Dataset excerpt:
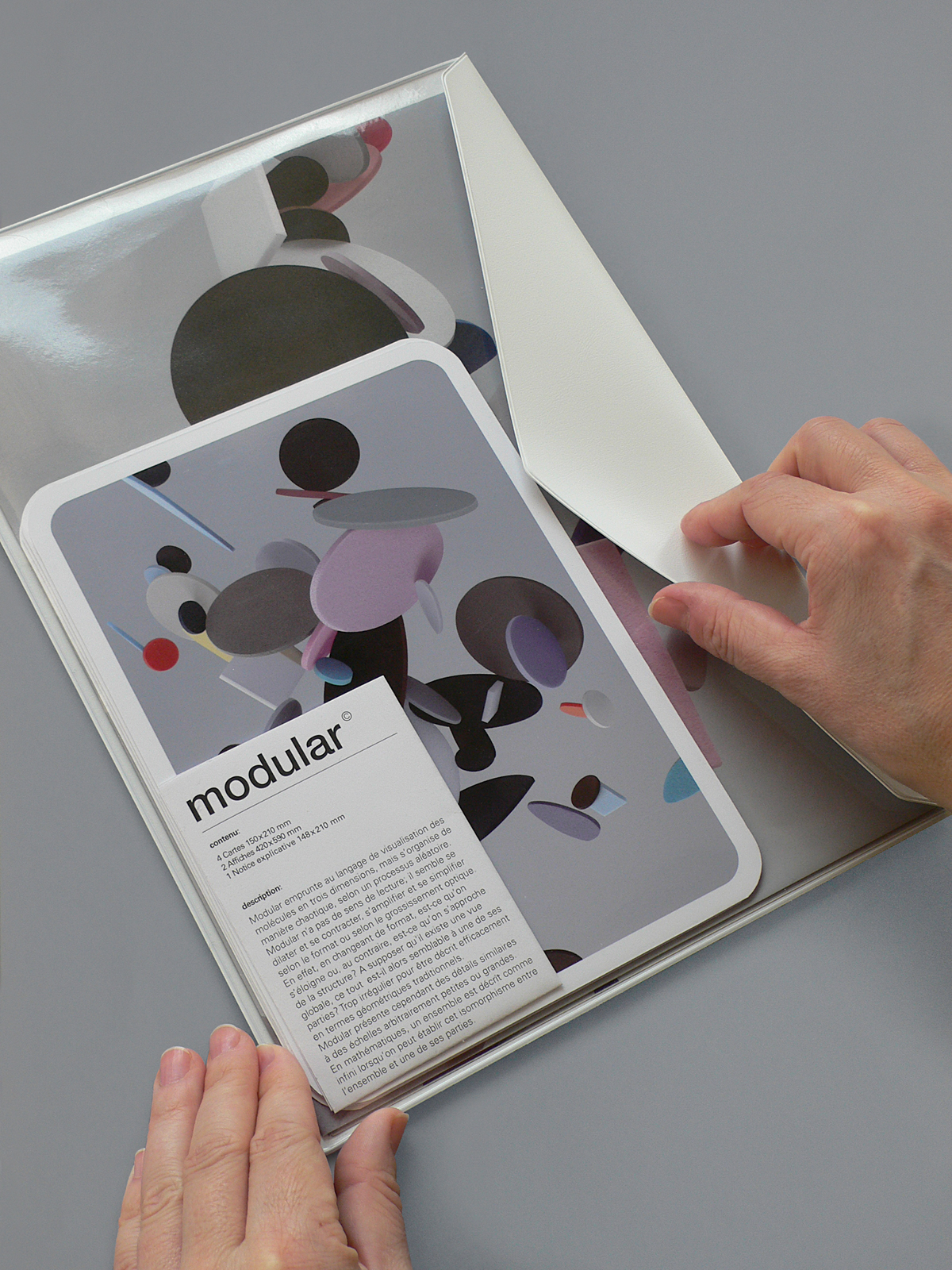 Modular adopts the language of 3D molecular visualisation, but is arranged in a chaotic way, according to a random process. A precise definition which explains nothing, an absurd juxtaposition, an invitation to the pleasure of reflection, reflection on focal reduplication. Modular consists of various offset printed items collected in a special manufactured plastic sleeve. Modular is commissioned by the Musée d'Art Moderne Grand-Duc Jean (Mudam), Luxembourg, and produced as a limited edition.
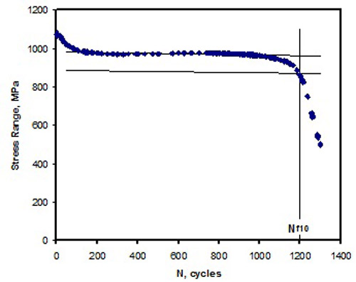End of TMF life is defined as the point at which the maximum stress σmax or stress range Δσ decreases by user-defined level, e.g. 10% below a tangent line drawn to the curve of σmax or Δσ versus N in linear scaling; or total separation of the test piece.
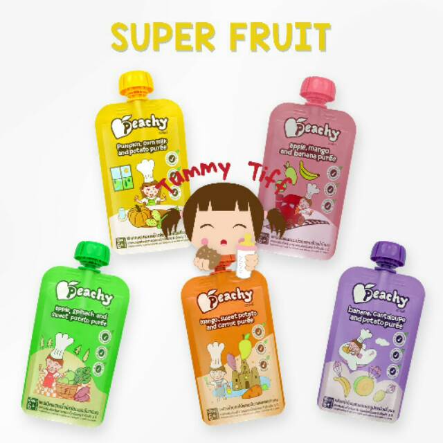 Peachy Fruit and Veggie Puree adalah makanan pendamping ASI berupa puree (makanan lunak) seperti bubur, terbuat dari buah dan sayuran segar.
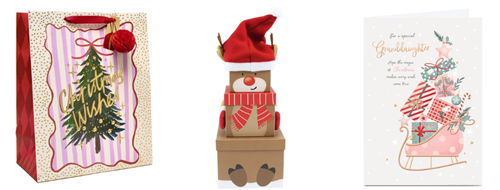 (Left to right: Christmas Wishes Large Portrait Gift Bag - £1.99, Plush Reindeer Gift Boxes - £6.99, Granddaughter Christmas Card - £1.99)

Exercise prompt:
Print only the lines from the line that contains "Peachy Fruit and" to the final line of the data, inclusive. Pictures stay out.

Task result:
 Peachy Fruit and Veggie Puree adalah makanan pendamping ASI berupa puree (makanan lunak) seperti bubur, terbuat dari buah dan sayuran segar.
 (Left to right: Christmas Wishes Large Portrait Gift Bag - £1.99, Plush Reindeer Gift Boxes - £6.99, Granddaughter Christmas Card - £1.99)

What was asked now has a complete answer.